PROBLEM TO SOLVE: Print the listing exactly as it stands. Skip every picture.

DATA SECTION:
+ + + + +
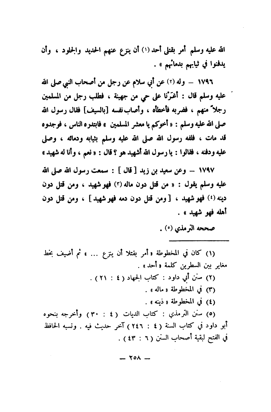 1797- وعن سعيد بن زيد [قال] : سمعت رسول الله صلى الله عليه وسلم يقول: "من قُتل دون ماله 3 فهو شهيد، ومن قُتل دون دينه 4 فهو شهيد، [ومن قُتل دون دمه فهو شهيد] ، ومن قُتل دون أهله فهو شهيد". صححه الترمذي 5.
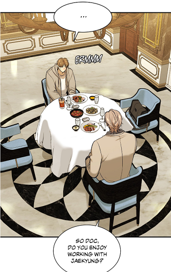 (chapter 85) Dan is lost in his thoughts — anticipating the night ahead with the champion — and has barely touched his food. Park Namwook notices this. One might think, such a remark displays the manager’s concern for the main lead’s well-being. However, the manager adds that the other members of the team are all almost finished. With such a remark, it becomes clear that the manager is urging the protagonist to finish his plate. Although Park Namwook addresses Dan as if showing concern, the content of his remark betrays his true priority: not Dan’s well-being, but the team’s schedule. By pointing out that ‘the rest of us are almost finished,’ he urges Dan to keep pace, treating him as staff who had to follow the group rather than someone with personal needs. As you can sense, schedule is essential for the manager. However, because doc Dan couldn’t reveal the true reason behind his behavior, he gives an excuse for his lack of appetite.
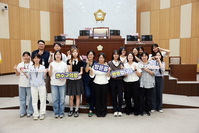 | 연수구의회 ‘주도형 청소년 의회 교실’ 참가자들이 포즈를 취하고 있다. |
+ + + + +
SOLUTION FOR THIS TASK:
 1797- وعن سعيد بن زيد [قال] : سمعت رسول الله صلى الله عليه وسلم يقول: "من قُتل دون ماله 3 فهو شهيد، ومن قُتل دون دينه 4 فهو شهيد، [ومن قُتل دون دمه فهو شهيد] ، ومن قُتل دون أهله فهو شهيد". صححه الترمذي 5.
 (chapter 85) Dan is lost in his thoughts — anticipating the night ahead with the champion — and has barely touched his food. Park Namwook notices this. One might think, such a remark displays the manager’s concern for the main lead’s well-being. However, the manager adds that the other members of the team are all almost finished. With such a remark, it becomes clear that the manager is urging the protagonist to finish his plate. Although Park Namwook addresses Dan as if showing concern, the content of his remark betrays his true priority: not Dan’s well-being, but the team’s schedule. By pointing out that ‘the rest of us are almost finished,’ he urges Dan to keep pace, treating him as staff who had to follow the group rather than someone with personal needs. As you can sense, schedule is essential for the manager. However, because doc Dan couldn’t reveal the true reason behind his behavior, he gives an excuse for his lack of appetite.
 | 연수구의회 ‘주도형 청소년 의회 교실’ 참가자들이 포즈를 취하고 있다. |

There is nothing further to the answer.